═══ Supplied information

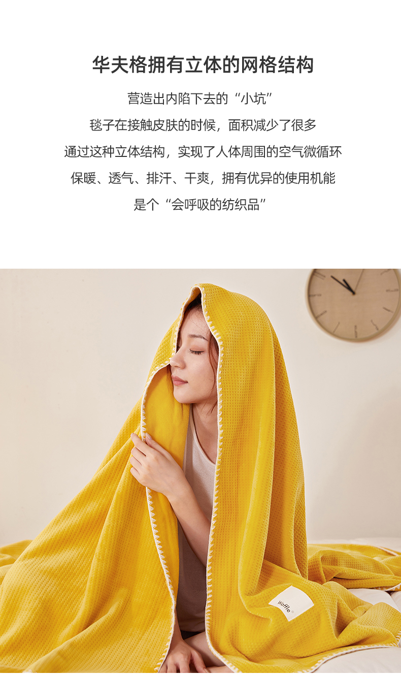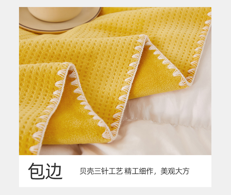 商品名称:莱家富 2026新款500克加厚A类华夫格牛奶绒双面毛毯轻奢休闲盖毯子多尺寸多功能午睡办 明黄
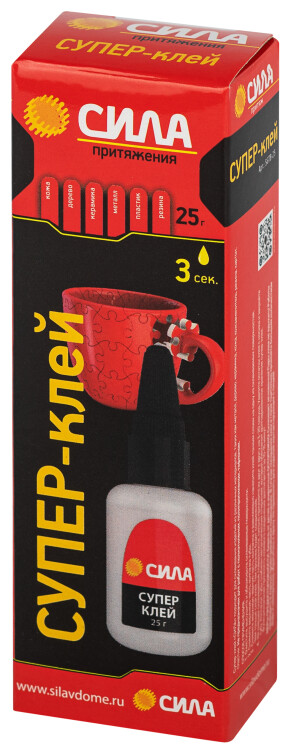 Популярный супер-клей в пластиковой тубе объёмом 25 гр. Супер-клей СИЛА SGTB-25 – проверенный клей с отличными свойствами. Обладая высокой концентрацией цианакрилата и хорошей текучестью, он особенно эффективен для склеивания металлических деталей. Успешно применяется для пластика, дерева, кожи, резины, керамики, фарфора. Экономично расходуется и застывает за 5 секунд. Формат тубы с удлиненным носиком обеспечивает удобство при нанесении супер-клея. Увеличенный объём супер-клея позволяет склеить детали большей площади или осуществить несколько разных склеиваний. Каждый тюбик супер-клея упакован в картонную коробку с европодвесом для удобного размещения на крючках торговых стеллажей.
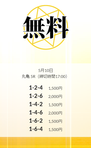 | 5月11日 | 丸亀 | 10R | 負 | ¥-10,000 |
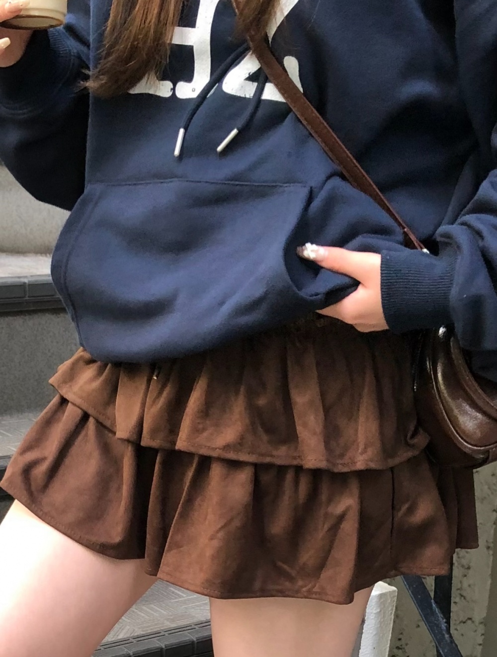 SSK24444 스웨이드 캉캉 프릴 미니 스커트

══════

Instructions to follow: Leaving out the pictures, output each line above exactly as it is.

Answer to the exercise:
 商品名称:莱家富 2026新款500克加厚A类华夫格牛奶绒双面毛毯轻奢休闲盖毯子多尺寸多功能午睡办 明黄
 Популярный супер-клей в пластиковой тубе объёмом 25 гр. Супер-клей СИЛА SGTB-25 – проверенный клей с отличными свойствами. Обладая высокой концентрацией цианакрилата и хорошей текучестью, он особенно эффективен для склеивания металлических деталей. Успешно применяется для пластика, дерева, кожи, резины, керамики, фарфора. Экономично расходуется и застывает за 5 секунд. Формат тубы с удлиненным носиком обеспечивает удобство при нанесении супер-клея. Увеличенный объём супер-клея позволяет склеить детали большей площади или осуществить несколько разных склеиваний. Каждый тюбик супер-клея упакован в картонную коробку с европодвесом для удобного размещения на крючках торговых стеллажей.
 | 5月11日 | 丸亀 | 10R | 負 | ¥-10,000 |
 SSK24444 스웨이드 캉캉 프릴 미니 스커트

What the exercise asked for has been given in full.